A nobler warmth my kindled breast inspires.
Far bolder notes the list'ning wood shall fill:
Flow smooth, ye rivulets; and, ye gales, be still.

See yon fair groves that o'er Amana rise, And with their spicy breath embalm the skies; Where every breeze sheds incense o'er the vales, And every shrub the scent of musk exhales! See through yon opening glade a glittering scene, Lawns ever gay, and meadows ever green! Then ask the groves, and ask the vocal bow'rs, Who deck'd their spiry tops with blooming flow'rs, Taught the blue stream o'er sandy vales to flow, And the brown wild with liveliest hues to glow? Fair Solima! the hills and dales will sing; Fair Solima! the distant echoes ring.

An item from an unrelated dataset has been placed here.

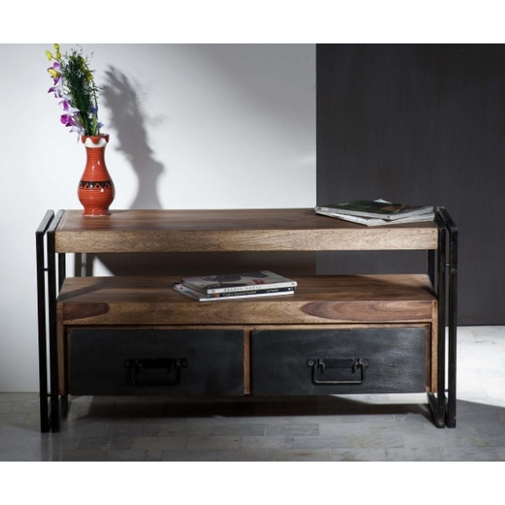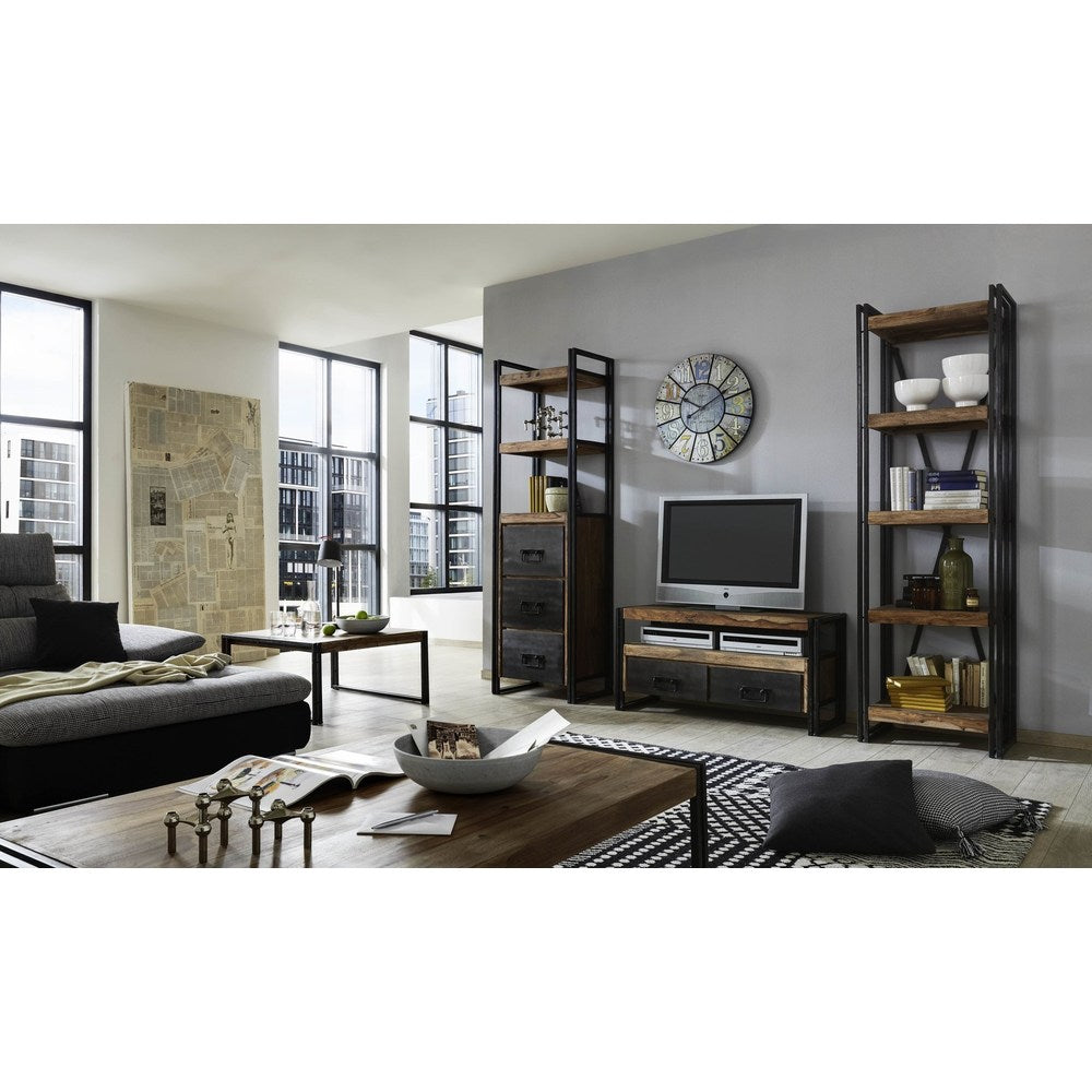 Porta TV Etnico Industrial in Legno di Acacia e Ferro

But not with idle shows of vain delight, To charm the soul, or to beguile the sight; At noon on banks of pleasure to repose, Where bloom intwin'd the lily, pink, and rose; Not in proud piles to heap the nightly feast, Till morn with pearls has deck'd the glowing east; Ah! not for this she taught those bowers to rise, And bade all Eden spring before our eyes:

Far other thoughts her heavenly mind employ,
(Hence, empty pride! and hence, delusive joy!)
To cheer with sweet repast the fainting guest;
To lull the weary on the couch of rest;

To warm the traveller numb'd with winter's cold;
The young to cherish, to support the old;
The sad to comfort, and the weak protect;
The poor to shelter, and the lost direct:-

These are her cares, and this her glorious task;
Can heaven a nobler give, or mortals ask?

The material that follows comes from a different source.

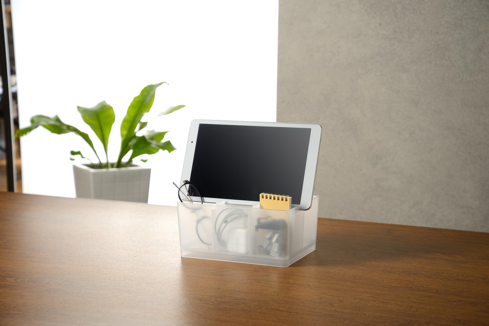 ●タブレット・スマートフォンを立てかけられるので、テレワークなどに便利です。

Come to these groves, and these life-breathing glades, Ye friendless orphans, and ye dowerless maids!

With eager haste your
mournful mansions leave,
Ye weak, that tremble; and, ye sick, that grieve;
Here shall soft tents, o'er flowery lawns display'd,
At night defend you, and at noon o'ershade;
Here rosy health the sweets of life will shower,
And new delights beguile each varied hour.
Mourns there a widow, bath'd in streaming tears?
Stoops there a sire beneath the weight of years?
Weeps there a maid, in pining sadness left,
Of tender parents, and of hope, bereft ?
To Solima their sorrows they bewail;
To Solima they pour their plaintive tale.

She hears; and, radiant as the star of day,
Through the thick forest gains her easy way:
She asks what cares the joyless train oppress,
What sickness wastes them, or what wants distress;
And, as they mourn, she steals a tender sigh,
Whilst all her soul sits melting in her eye:
Then with a smile the healing balm bestows,
And sheds a tear of pity o'er their woes,
Which, as it drops, some soft-eyed angel bears
Transform'd to pearl, and in his bosom wears.

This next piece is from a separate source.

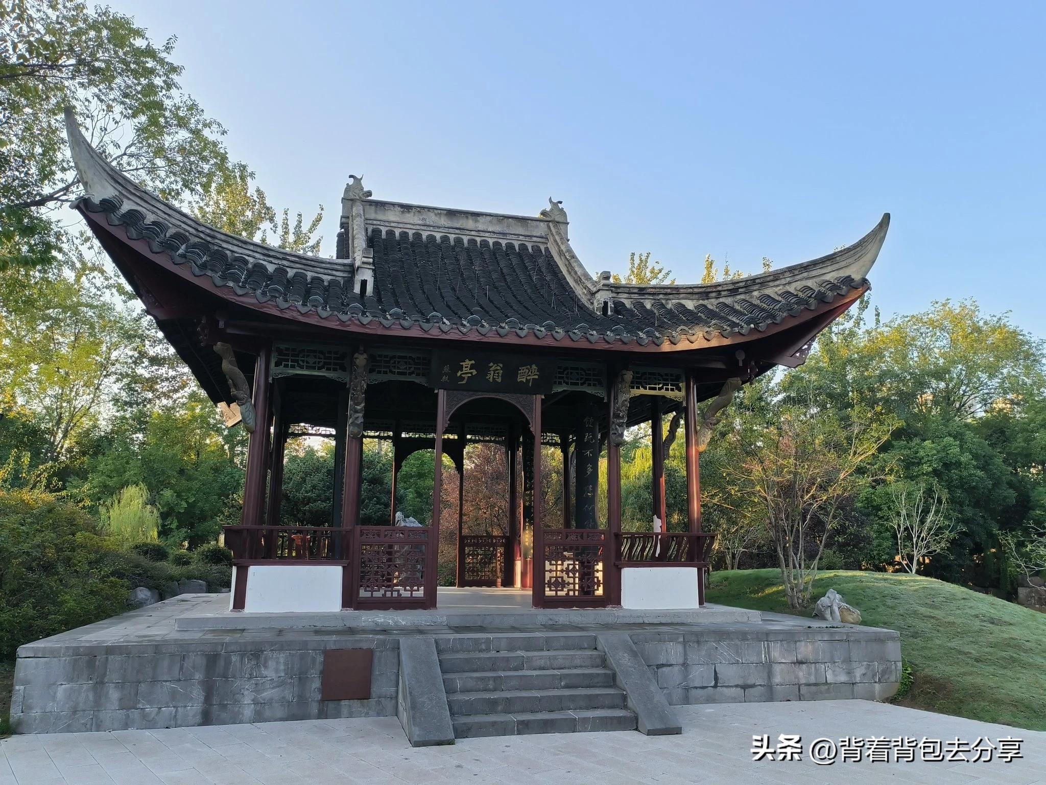 過安慶園之後,來到了巢湖園與滁州園,在這裏可以看到醉翁亭,旁邊是世紀橋和世紀廣場,現代建築的風格,連接東西兩個園區,這裏是徽園的正門,5 根高 32 米的花冠狀球柱的壯觀,它們象徵着 50 年來,安徽各項建設取得的豐碩成果,漫步世紀橋,步行向北跨過巢湖橋,便來到了六安園和淮南園

When, chill'd with fear, the trembling pilgrim roves
Through pathless deserts, and through tangled groves,
Where mantling darkness spreads her dragon wing,
And birds of death their fatal dirges sing,
While vapours pale a dreadful glimmering cast,
And thrilling horror howls in every blast;

She cheers his gloom with streams of bursting light,
By day a sun, a beaming moon by night;
Darts through the quivering shades her heavenly ray,
And spreads with rising flowers his solitary way.

Ye heavens, for this in showers of sweetness shed Your mildest influence o'er her favour'd head! Long may her name, which distant climes shall praise, Live in our notes, and blossom in our lays!

And, like an odorous plant, whose blushing flow'r
Paints every dale, and sweetens every bow'r,
Borne to the skies in clouds of soft perfume
For ever flourish, and for ever bloom!

These grateful songs, ye maids and youths, renew,
While fresh-blown violets drink the pearly dew;
O'er Azib's banks while love-lorn damsels rove,
And gales of fragrance breathe from Hagar's grove.

So sung the youth, whose sweetly-warbled strains Fair Mena heard, and Saba's spicy plains. Sooth'd with his lay, the ravish'd air was calm, The winds scarce whisper'd o'er the waving palm; The camels bounded o'er the flowery lawn, Like the swift ostrich, or the sportful fawn; Their silken bands the listening rose-buds rent, And twin'd their blossoms round his vocal tént: He sung, till on the bank the moonlight slept, And closing flowers beneath the night-dew wept; Then ceas'd, and slumber'd in the lap of rest Till the shrill lark had left his low-built nest. Now hastes the swain to tune his rapturous tales In other meadows, and in other vales.